▶ [INPUT RECORDS]:
--- --- ---
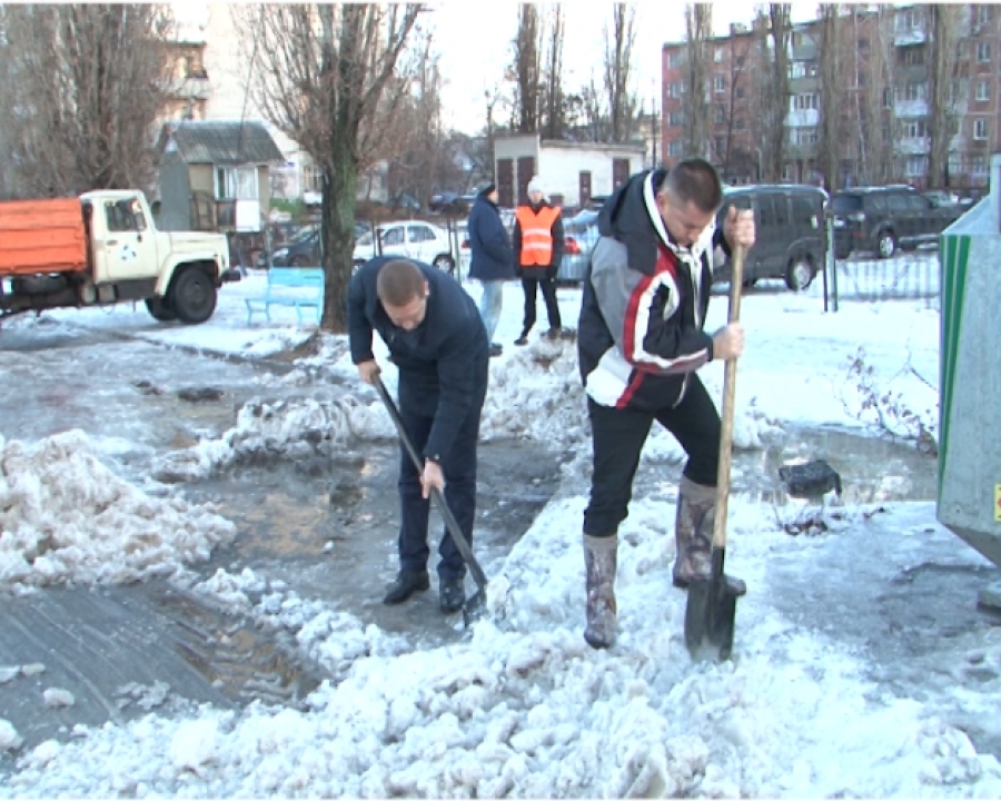Мер під прицілами відеокамер своїми руками розчищає сніг на майданчику для сміття на Автокразівському бульварі.
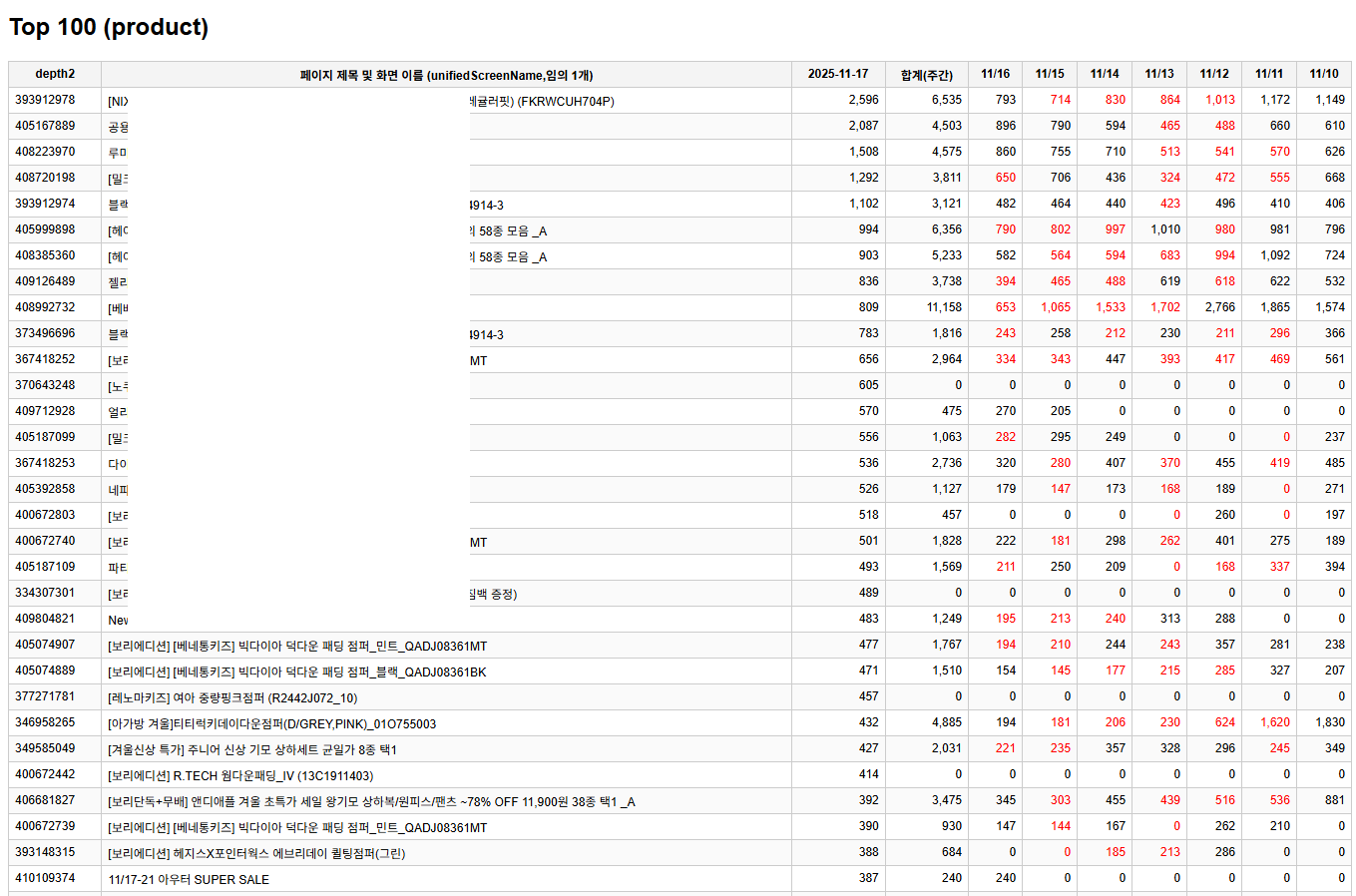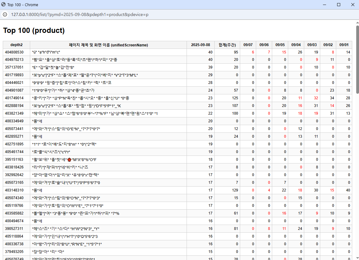 ❖ 상품별 방문 분석 ✔️ 상품 방문 추이 ✔️ Top 100 1주간 추이 ✔️ Top 10 2주간 추이 및 예측 |
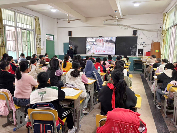 活动中,度尾交警中队宣传民警运用浅显易懂、轻松的语言,通过播放警示教育片,详细讲解了交通事故出现的原因和交通违法带来的危害,教会学生如何安全过马路、如何安全行走、如何安全乘车及安全出行。结合同学们的出行特点,交警叔叔还针对性地进行“一盔一带”知识普及,强调了安全头盔和安全带的重要性,同时通过现场互动问答等形式,教育引导孩子们注意交通安全防护,提醒孩子们摒弃交通安全陋习,从小养成良好的交通安全习惯。(郭明立)
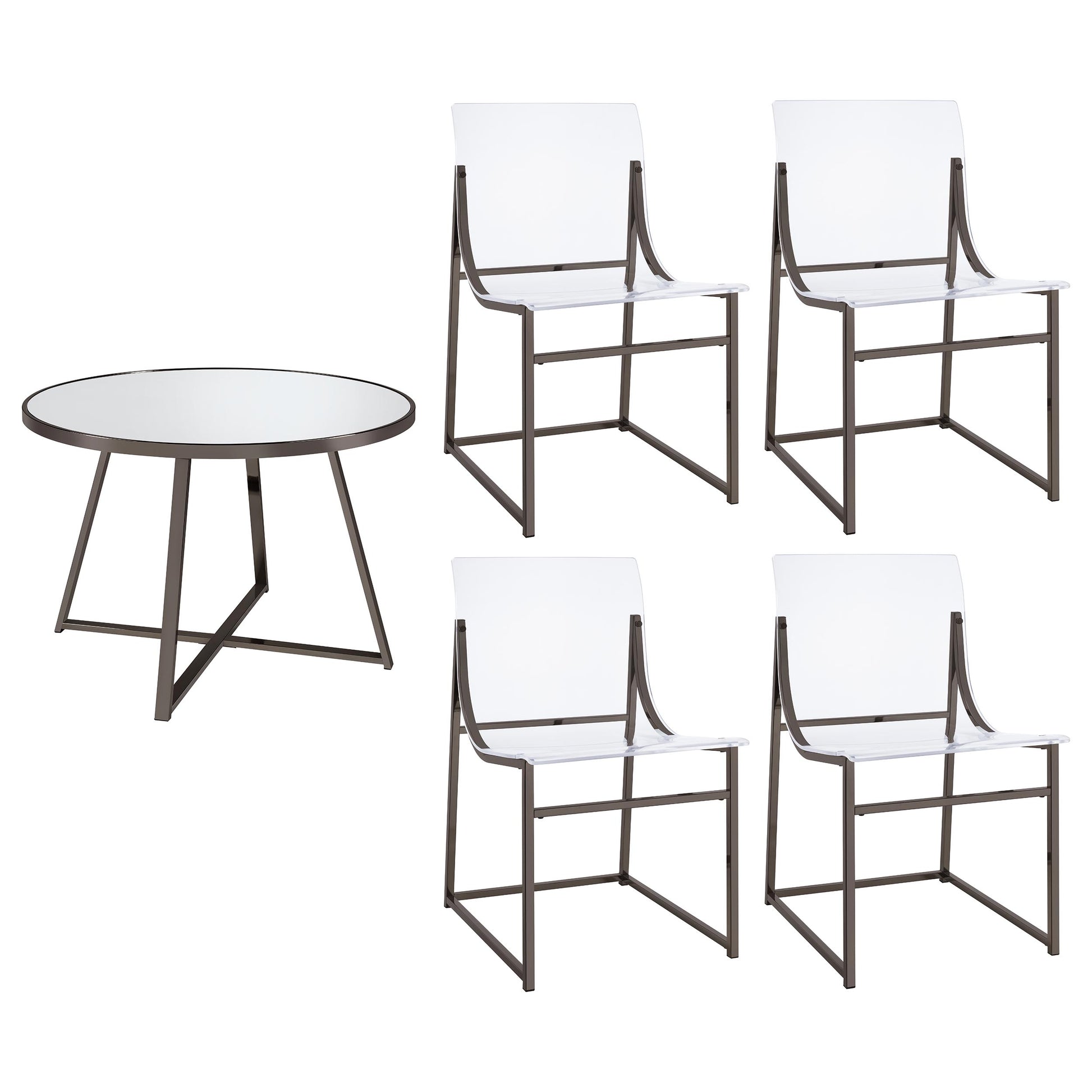Juego de comedor Jillian de 5 piezas con espejo redondo en níquel negro
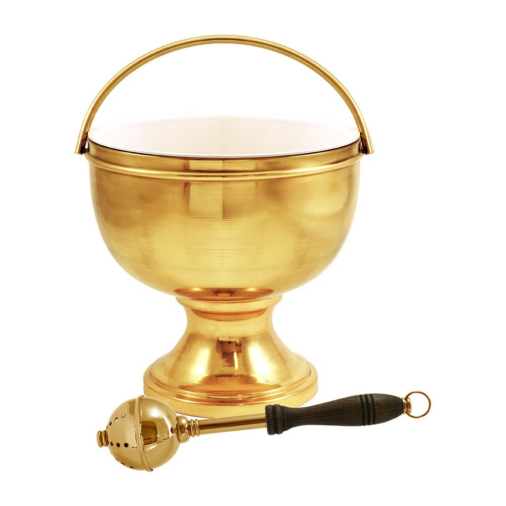 Set liturgico completo di secchiello e aspersorio per acqua benedetta.
--- --- ---
▶ [WHAT THE TASK ASKS]: Skip the pictures and print exactly the lines from the one containing "Juego de comedor" through the end of the records above.

▶ [WRITTEN REPLY]:
Juego de comedor Jillian de 5 piezas con espejo redondo en níquel negro
 Set liturgico completo di secchiello e aspersorio per acqua benedetta.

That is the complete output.